Let P(x) = 2x3 − 9x2 − 6x + 5.(a) List all possible rational zeros of P. (Enter your answers as a comma-separated list.) (b) Find the complete factorization of P. (c) Find the zeros of P.

(a) The Rational Root Theorem states that any possible rational root of a polynomial P(x) = anxn + an-1xn-1 + ... + a1x + a0, must be of the form ±p/q, where p is a factor of the constant term a0 and q is a factor of the leading coefficient an.

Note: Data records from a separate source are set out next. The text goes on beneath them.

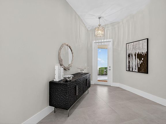 Discover this beautifully renovated single-story 3-bedroom, 3-bath home in the highly sought-after village of Laurel Pointe in Broken Sound Country Club. Designed with modern elegance, this residence features smooth walls, porcelain tile floors, and vaulted ceilings throughout. The open-concept kitchen and living room create a welcoming space for everyday living and entertaining. The kitchen showcases white cabinetry, a spacious center island with abundant storage, and a built-in beverage cooler. Retreat to the primary suite, complete with vaulted ceilings, a large walk-in closet, and a luxurious en suite bath featuring a large skylight, free-standing soaking tub, and frameless glass shower. Two additional bedrooms and baths offer comfort and privacy for family or guests. Step outside to your enclosed backyard oasis with fresh landscaping and newly finished patio decking, perfect for outdoor entertaining. Enjoy the convenience of being within walking distance to the recently renovated, heated community pool. This move-in-ready home combines sophisticated style, indoor-outdoor living, and an ideal location within Broken Sound Country Club.
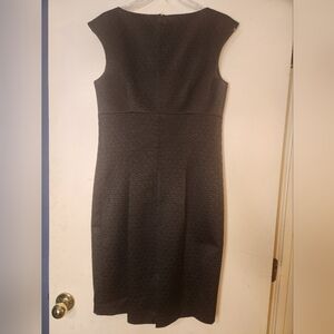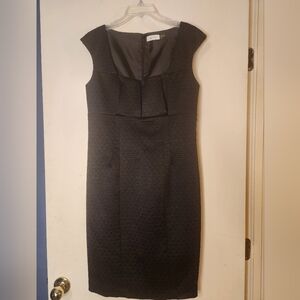This Calvin Klein dress is a sophisticated sheath style in a classic black hue, perfect for cocktail events or work settings. The sleeveless design features a scoop neckline, offering a sleek and modern look. Crafted with clean lines and a structured fit, this midi dress embodies timeless elegance and versatility. length 38 inches. pit to pit is 16 inches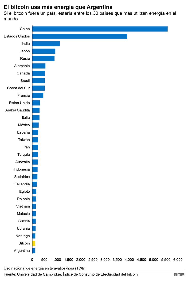Si el bitcoin fuera un país, consumiría más electricidad al año que Finlandia, Suiza o Argentina, según un análisis del Centro de Finanzas Alternativas de la Universidad de Cambridge.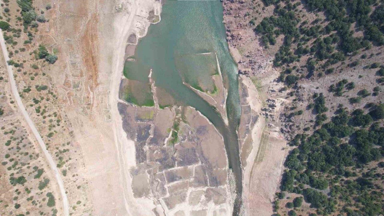 Ankara’nın içme suyu ihtiyacını karşılayan Çamlıdere Barajı’nda, kuraklık ve mevsimsel düşüş nedeniyle su seviyesi kritik seviyelere indi. Baraj sularının büyük oranda çekilmesiyle birlikte, yıllar önce su altında kalan eski bir köy yerleşimi yeniden gün yüzüne çıktı. Kuruyan bölgelerde yol izleri, taş duvar temelleri ve eski yapı kalıntıları net biçimde görünür hale geldi.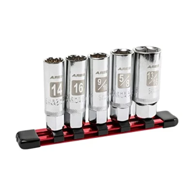 SPECIFICATIONS: This ARES Magnetic Spark Plug Socket Set is 3/8-inch drive and includes the following sockets: 14mm and 16mm Thin Wall and 9/16-inch, 5/8-inch, and 13/16-inch. Constructed of durable, heat treated Chrome Vanadium Steel, these sockets also feature a mirror polish finish for easy cleanup and a professional look with high visibility markings for easy identification. DESIGN: The five sizes give you the ability to work on a wide variety of applications. The sockets' interior magnets retain and protect the spark plug for easier installation, and the 14mm and 16mm Thin Wall Sockets feature a 12-point design for enhanced gripping power and fit. MADE TO LAST: The interior magnet in each socket won't wear out over time like traditional rubber gaskets, so this spark plug socket set can provide years of reliable use. Thanks to the convenient storage rail, you'll never have to worry about misplacing one, either, so you'll always have the size you need when you need it. These spark plug sockets meet and exceed ANSI/ASME standards. RELIABLE | EFFECTIVE | EFFICIENT: Users trust ARES to be quality tools. You are backed by our Performance Assurance Limited Lifetime Warranty. If you have any issues with your ARES Magnetic Spark Plug Socket Set, simply contact customer service for troubleshooting help, parts, replacement, or refund. ASPCA BUSINESS AMBASSADOR: We are proud to be part of the ASPCA Business Ambassador Program. If you have a pet, you realize they are more than a pet, they are part of the family. With your support, we're proud to help this great organization.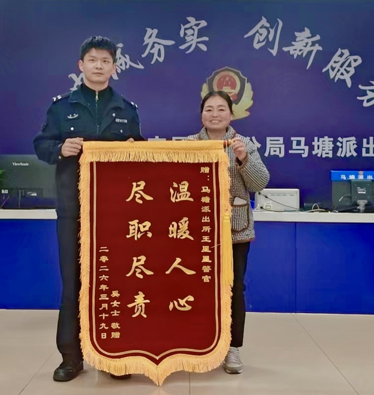 3月19日,芜湖市公安局弋江分局马塘派出所,收到辖区居民何女士送来的一面印有“温暖人心 尽职尽责”的锦旗,对民警高效调处房屋财物纠纷、切实为民排忧解难表示感谢。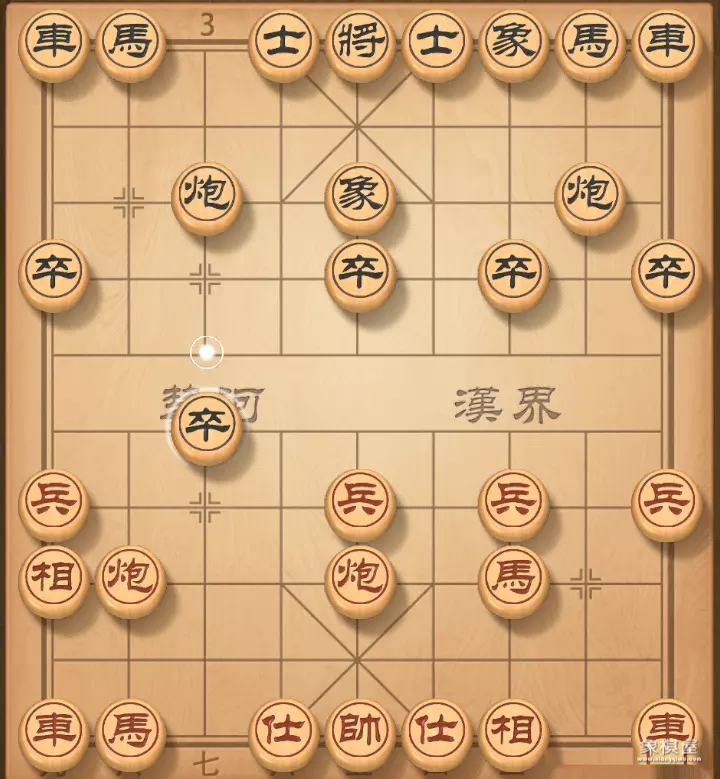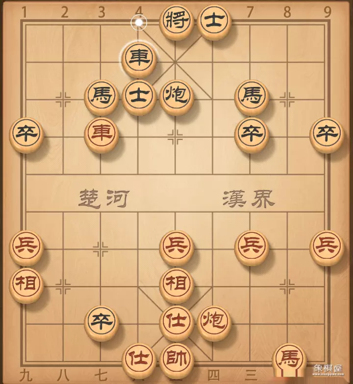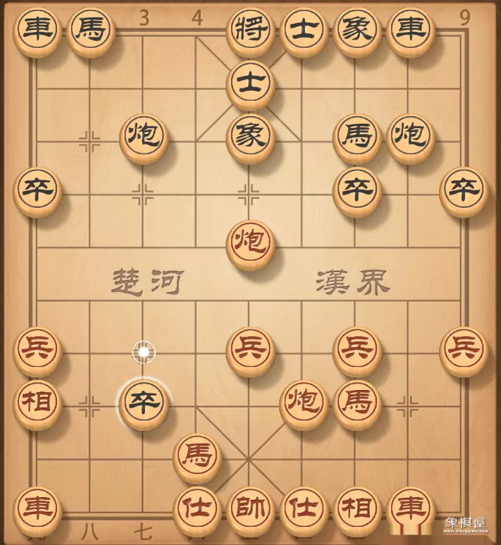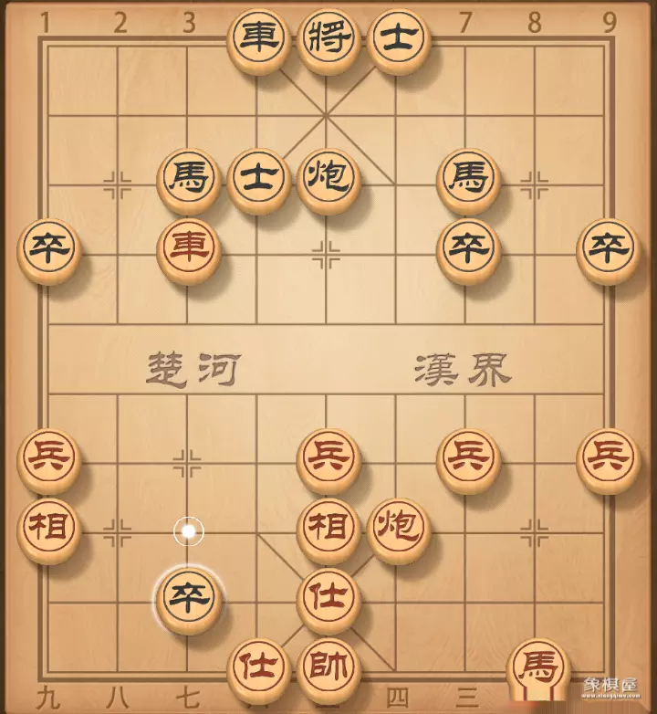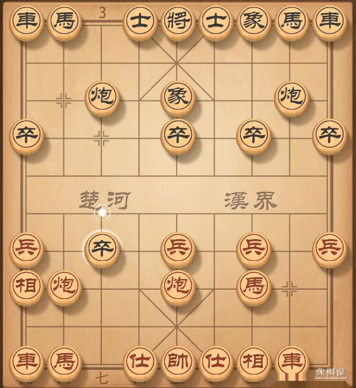 4. 相七进九 卒3进1 红棋飞相正着,至少不能走兵七进一,不然打一将,车没有了。

For P(x) = 2x^3 - 9x^2 - 6x + 5, the constant term a0 is 5 and the leading coefficient an is 2. The factors of 5 are ±1, ±5 and the factors of 2 are ±1, ±2. Therefore, the possible rational roots of P are ±1, ±5, ±1/2, ±5/2.

(b) To find the complete factorization of P, we can use synthetic division or the Remainder Theorem to test the possible rational roots we found in part (a).

Let's start with 1. If we substitute x = 1 into P, we get P(1) = 2(1)^3 - 9(1)^2 - 6(1) + 5 = -8, which is not zero. Therefore, x = 1 is not a root of P.

Next, let's try x = -1. Substituting x = -1 into P, we get P(-1) = 2(-1)^3 - 9(-1)^2 - 6(-1) + 5 = 0, which is zero. Therefore, x = -1 is a root of P.

We can continue this process with the other possible rational roots, but for the sake of brevity, let's say we find that the only other rational roots are x = 1/2 and x = 5/2.

Therefore, the complete factorization of P is P(x) = 2(x + 1)(x - 1/2)(x - 5/2).

(c) The zeros of P are the values of x that make P(x) = 0. From the factorization of P, we can see that the zeros of P are x = -1, x = 1/2, and x = 5/2.